Когда появляются телята, стойбище больше не кочует.
Как и предполагал Атата, к исходу четвертых суток собаки оживились, а вскоре нарты въехали на взрыхленный копытами снег, перемешанный с черными орешками оленьего помета.
Он почувствовал, как в нем нарастает охотничий азарт.
В детстве он охотился на белого медведя во льдах недалеко от мыса Кивак. Он еще был мальчишкой, но считался уже достаточно возмужавшим, чтобы принимать участие в таком опасном предприятии. Когда он увидел мелькающего во льдах желтоватого зверя, он ощутил внутри рождение нового чувства, чувства преследования, присущего настоящему арктическому охотнику.
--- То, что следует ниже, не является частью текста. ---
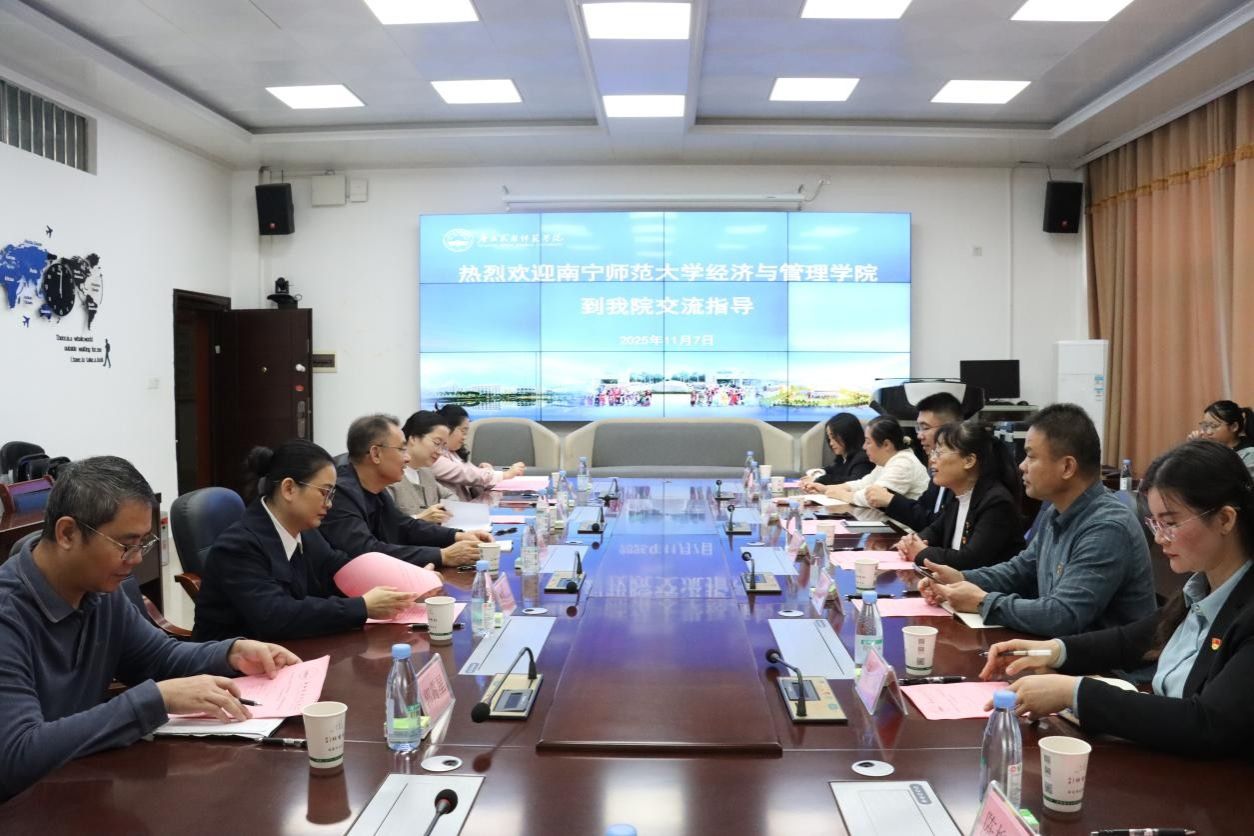 何玲玲院长在总结发言中对广西民族师范学院的倾囊相授表示衷心感谢。她指出,两校渊源深厚,期望未来能进一步加强沟通协作,共同推动育人工作高质量发展。郑振锋副校长也表示,广西民族师范学院愿依托地域与学科特色,与问鼎手机版经济与管理学院深化合作,携手共进。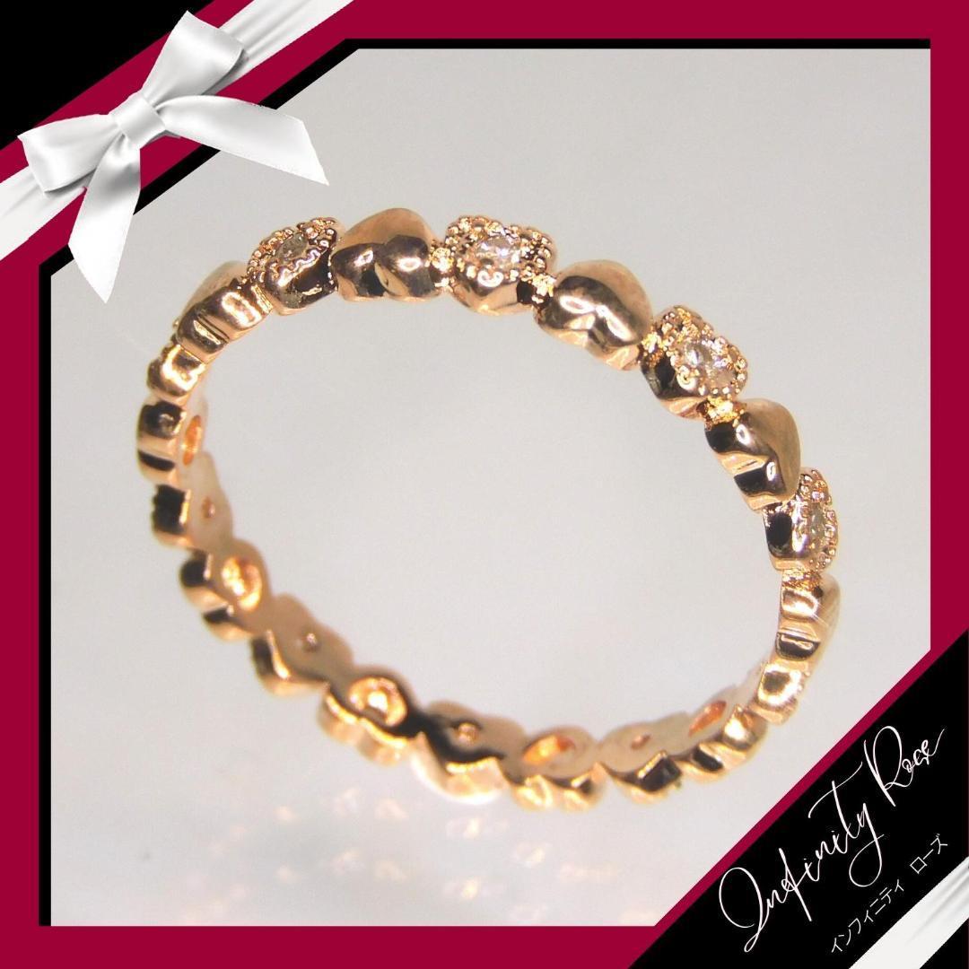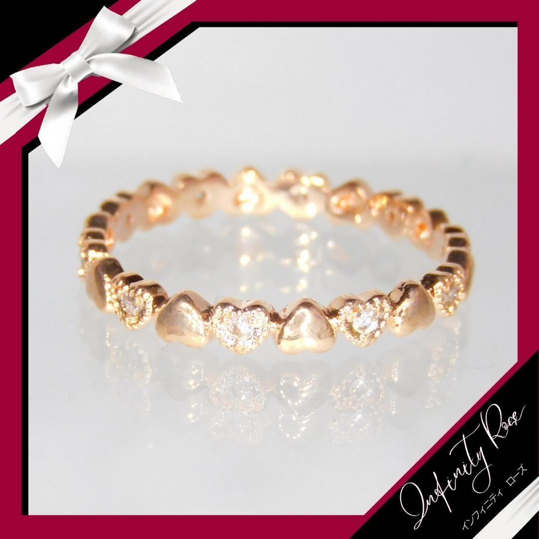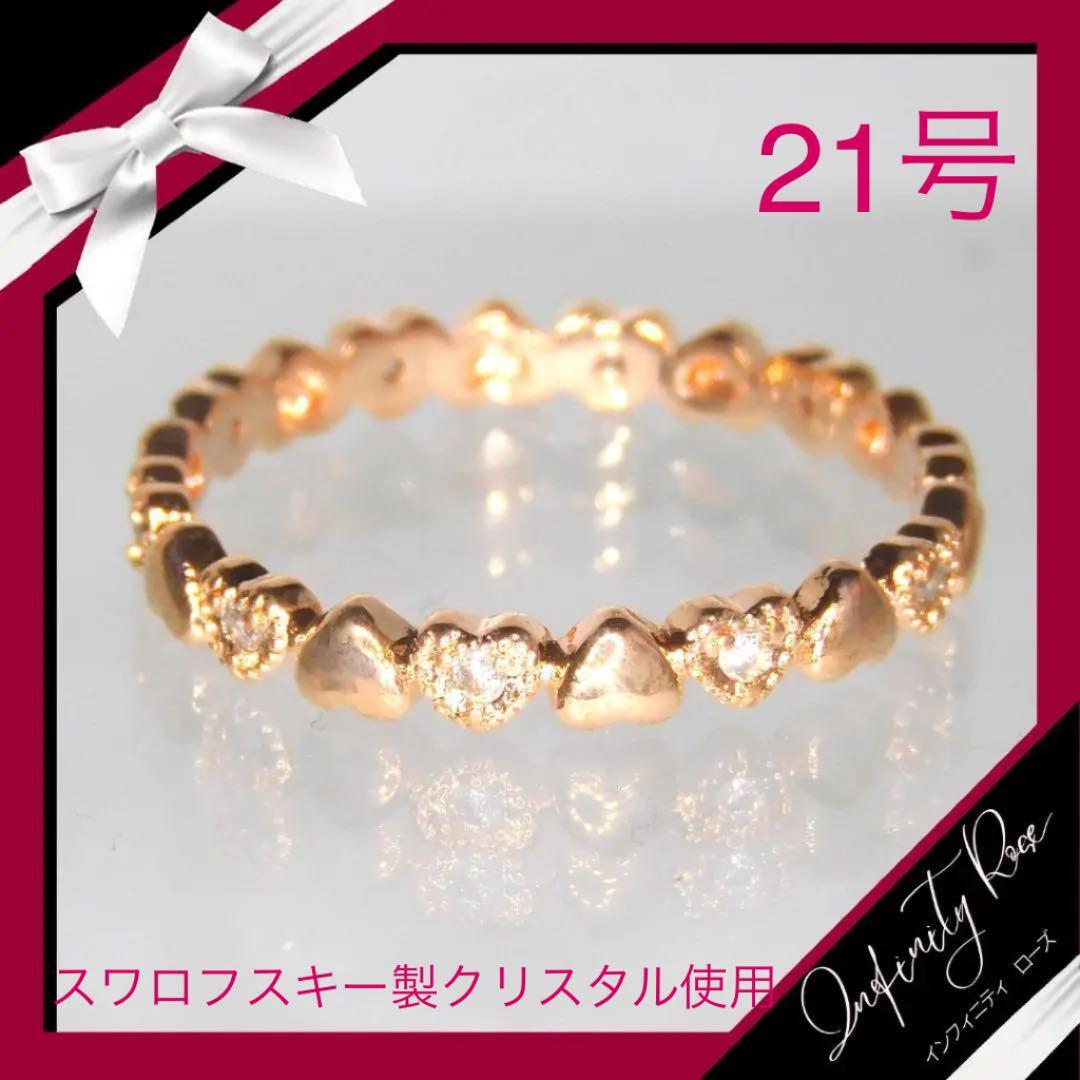 (1048)21号 ピンクゴールド 落ち着いたハート小粒リング 大人系 スワロフスキー製クリスタル使用

Вот и сейчас, направляя упряжки по следу, он в нетерпении понукал собак, покрикивал на них.
Яранги стойбища стояли у входа в узкую долину, чуть в стороне от опасно нависших снежных козырьков. Низкое солнце ярко освещало жилища, нарты, прислоненные к стене, людей, стоявших в безмолвии снаружи. Издали трудно было различить, кто из них мужчины, а кто женщины. И прежде чем приблизиться к ярангам, Атата раздал оружие каюрам, но строго наказал без команды не стрелять.
Он на этот раз занял переднюю позицию и первым стал приближаться к ярангам, придерживая собак. Стойбище располагалось так, что при подъезде к нему невозможно было миновать довольно высокую и крутую скалу, увенчанную снегом. Если ненароком сорвется огромный карниз снега, беды не миновать: засыплет так, что это место может стать могилой навсегда.
Вот уже можно различить двух женщин и мужчину. Кто же из них Анна Одинцова? Или ее нет среди встречающих? Нет, вот она. Она выше ростом даже самого хозяина стойбища Ринто. Но если не знать заранее, то ее никак не отличить от настоящей чаучуванау.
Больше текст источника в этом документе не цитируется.